June gloom has given way to July as the sun peaks through for an attempt at another perfect southern cal day ! The trip to the Keynote was somewhat comical as Brandon and I laughed a little and thought a little, reflected upon some of the people there last night and how I recognized their drunken asses from 25 years ago at the Black Angus and how they are the people they were back then,drunks and somewhat pathetic people that drink too much and act really stupid!

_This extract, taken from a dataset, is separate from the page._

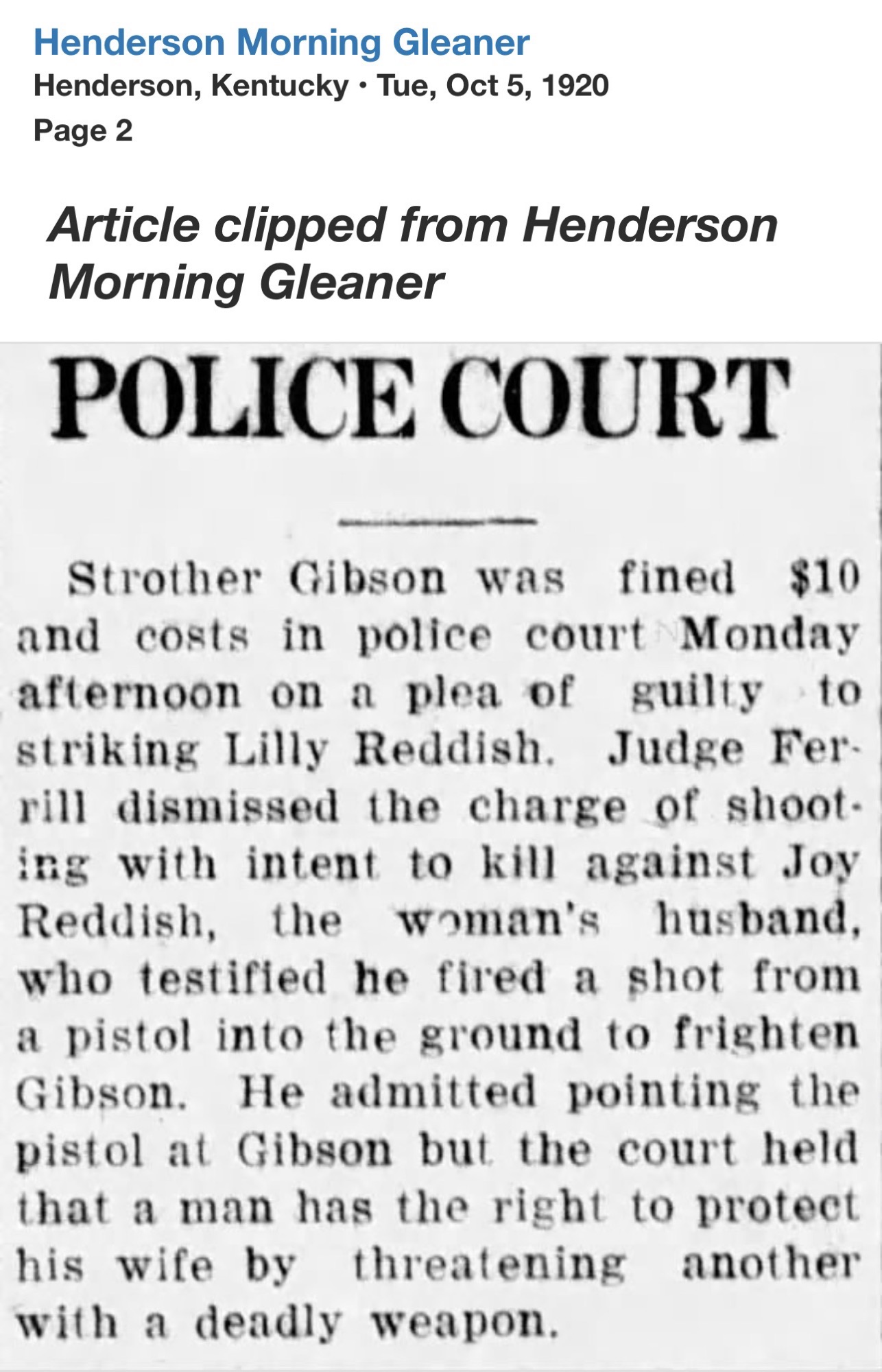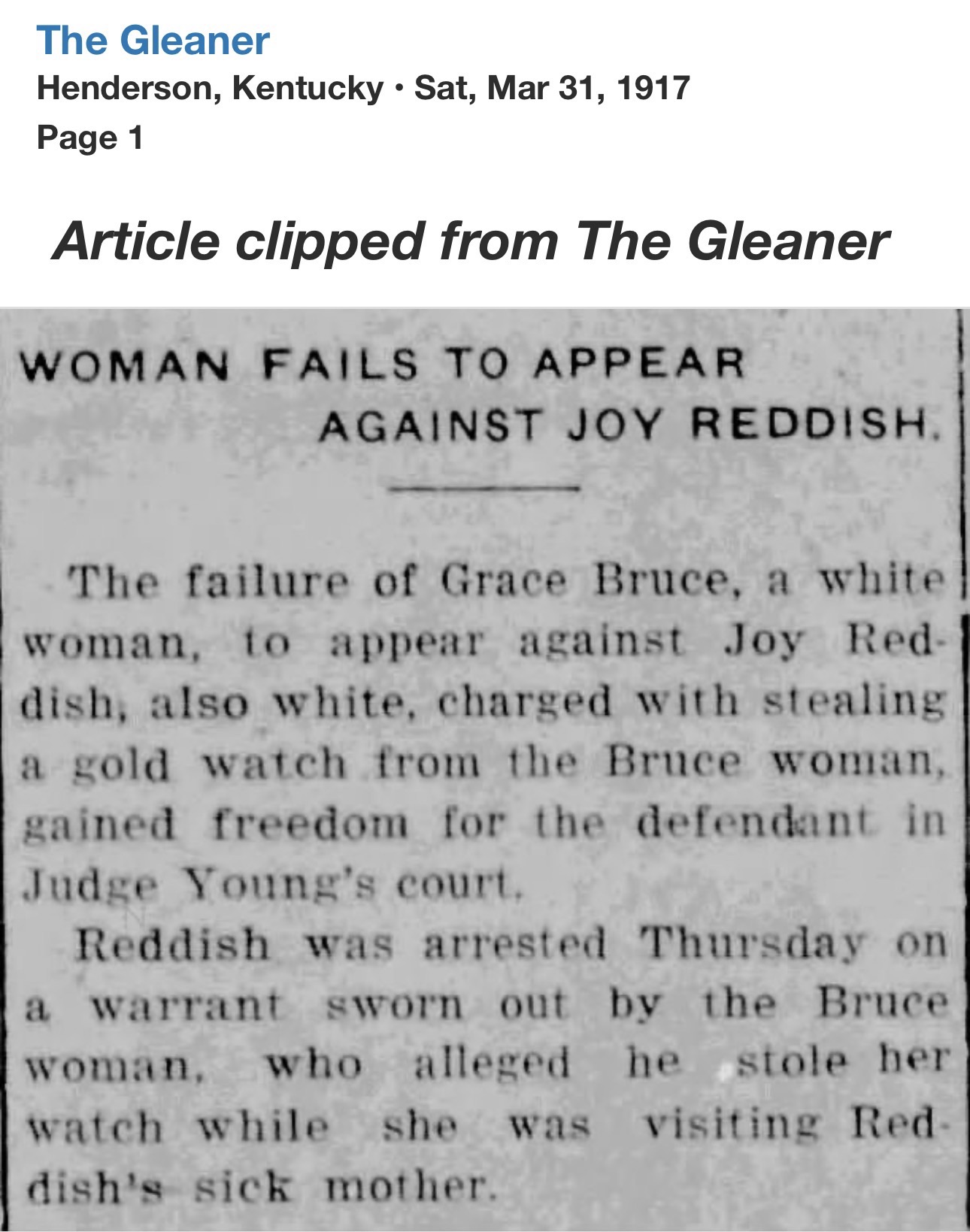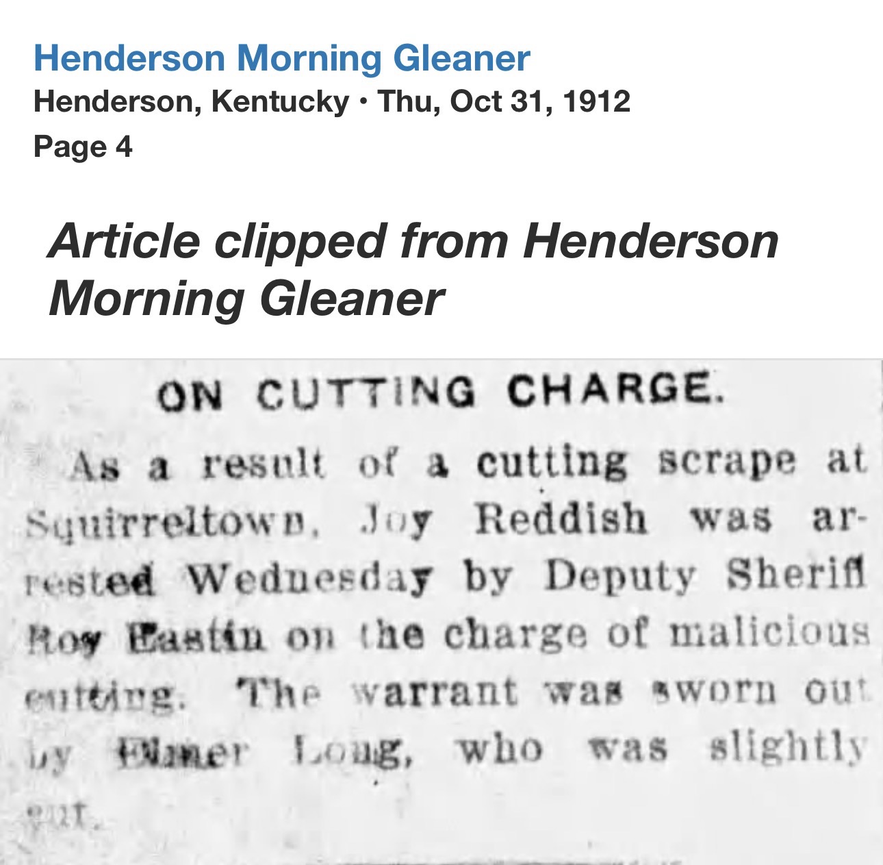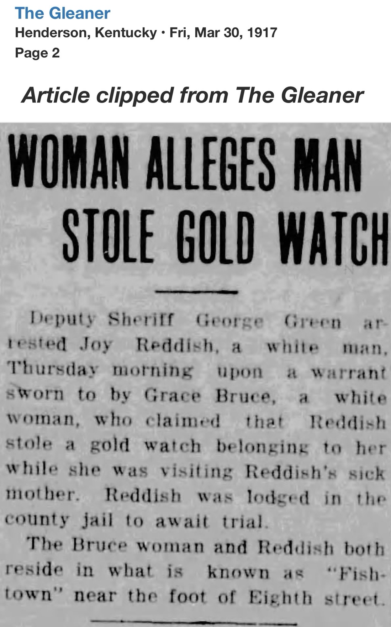 Only weeks later, Reddish’s name returned to the headlines, this time from Webster County. At the Providence home of Thurman Jones, a 45-year-old coal miner, a shot was fired. Jones fell dead. Reddish surrendered to Henderson Sheriff R.C. Soaper and was transported to Dixon.

Alcohol has played a really important part in my life,my father was an alcoholic for most of his life, save for the last 10 years of his life. The scourge embittered my thoughts and ruined part of my childhood in the fact that my dad was a mean person when he drank, quite the opposite when he wasn't drinking. This always stayed with me growing up how it changed people and who they really were. So much that when I drink, or used to drink it would change me and make me too happy and too friendly with others and not an acceptable trait to have in my book. So I quit drinking about 2 1/2 years ago and never looked back, here I am today having more fun being myself than that person that alcohol made me out to be.

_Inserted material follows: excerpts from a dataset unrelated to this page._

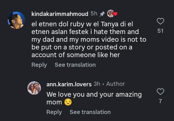 وكتبت ابنة كريم محمود عبد العزيز في منشور رصده موقع تحيا مصر على حسابها الرسمي بموقع تبادل الصور والفيديوهات انستجرام: الاتنين دول فيستك وأنا بكرههم ومينفعش بابا أو ماما يتجاب سيرتهم في بوستات ليها علاقة بيهم.
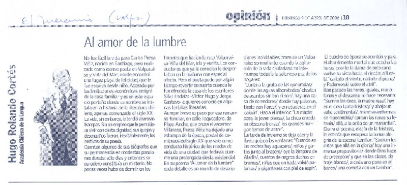 Al amor de la lumbre [artículo] Hugo Rolando Cortés.
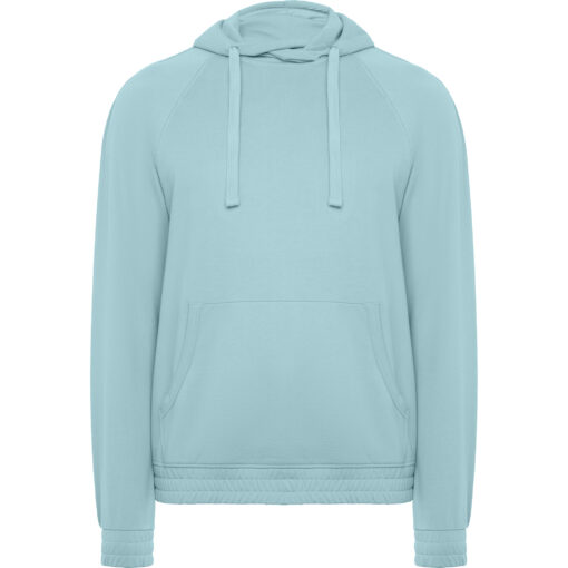 Sudadera con capucha unisex. Bolsillo canguro. Cordones planos con ojales bordados. Puños y cintura en tejido principal. Detalle de costura con relieve en mangas.
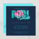 Jogando uma piscina tropical e procurando um convite adequado? Você está no lugar certo! Este design chic, legal e moderno apresenta arte de texto com uma piscina de natação azul-esverdeada, um flutuador rosa quente, e a tipografia moderna com água salgada sobre fundo azul-da-noite é perfeita para a sua festa de piscina. Basta adicionar os detalhes da sua festa ao cartão e preparar-se para a festa!
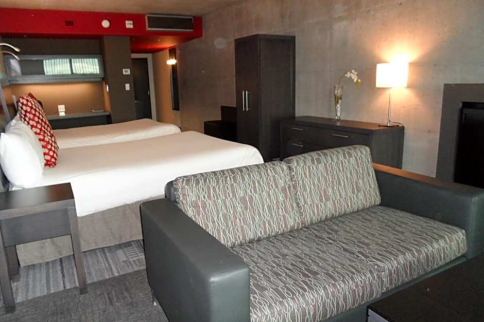 The Grand Times Hotel Sherbrooke offers a variety of room types including those with 2 Queen Beds, a Deluxe 1 King Bed, and a Prestige Suite. Smoking is not allowed in any of the rooms. Accommodations typically include space for 2 adults and 1 child, with bed sizes ranging from Queen to King.
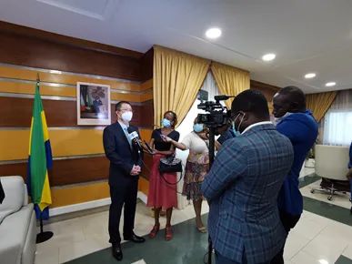 胡大使在会见后接受了加蓬国家电视台、加蓬24电视台等采访,介绍中加合作抗疫情况。
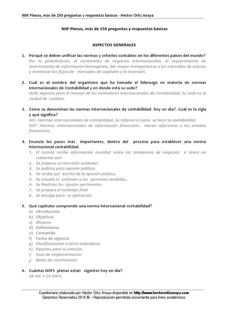 Preguntas Y Respuestas Niif Para Pymes. En sesión del consejo de vigilancia de la profesión de la contaduría pública, celebrada el. Responda las preguntas a continuación y ponga así a prueba su conocimiento acerca de los requerimientos de contabilización e información sin embargo, en esta pregunta, la vida económica restante de la máquina es de 30 años y la cuota por arrendamiento es de 23.000 u.m.
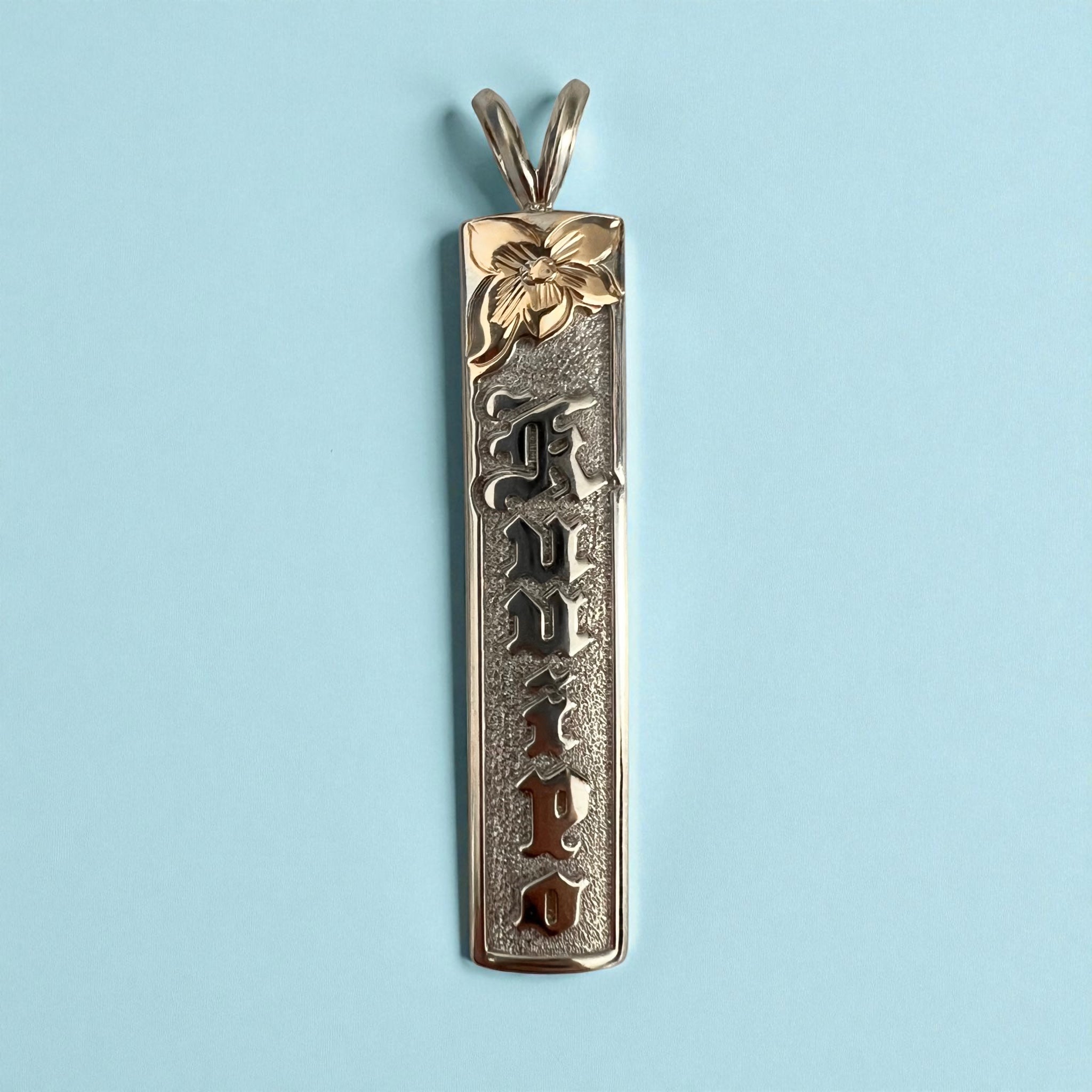 Two-Tone Flower on Top Raised "Kuuipo" 8mm x 1 1/2" Pendant in 14K Gold

I just don't see how people can drink so often and so much, the pains of recuperation are horrible these days , and I remember my last drunk fest at my sister Linda 50th birthday party I got hammered, both Brandon and I drank at least 15 mixed drinks and then proceeded to be dropped off at the Keynote for a half dozen more and dammit did I feel it for the next week. Well I am so glad I don't do that anymore and enjoy the fact that I am the worlds designated driver for the rest of my life from here on out.
As said the drinking issues within my family and that are visible to me on a daily basis have ruined and re shaped many lives, what I saw at the Keynote last night was a reminder that the answers fall not within that bottle of brew, but somehow looking deeper inside to find that missing piece that alcohol supposedly replaces. Beer and drinks taste like shit, regardless of what kind or mix...period!, they taste like ass and the feeling that you get from them only makes us regret what we said or did the night before if we can remember what was said or done? There's a time for everything and drinking is ok if you can moderate, too many stories of the inability to moderate and then get out and try to drive the streets which is another story altogether.

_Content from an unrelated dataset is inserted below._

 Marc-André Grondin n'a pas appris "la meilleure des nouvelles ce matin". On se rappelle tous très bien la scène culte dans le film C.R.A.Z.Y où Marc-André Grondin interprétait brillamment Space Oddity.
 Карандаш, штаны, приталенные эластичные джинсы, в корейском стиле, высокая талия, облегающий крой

I am so glad that I don't have to worry about this anymore, never truly had a problem with it but could see one brewing if I wasn't careful and diligent with my own honesty about the potential to be one of those guys who drinks too much and fucks up his life too much, I don't need the help,I'm capable of making my own mistakes without the assistance of alcohol God knows I've tried to sabotage the goodness I have and am capable of producing, and need no further assistance in the process. Looking forward to another great day and a ride,breakfast,the gym and a great day spent with my Terria to enjoy and hold the goodness ever closer to me!!!!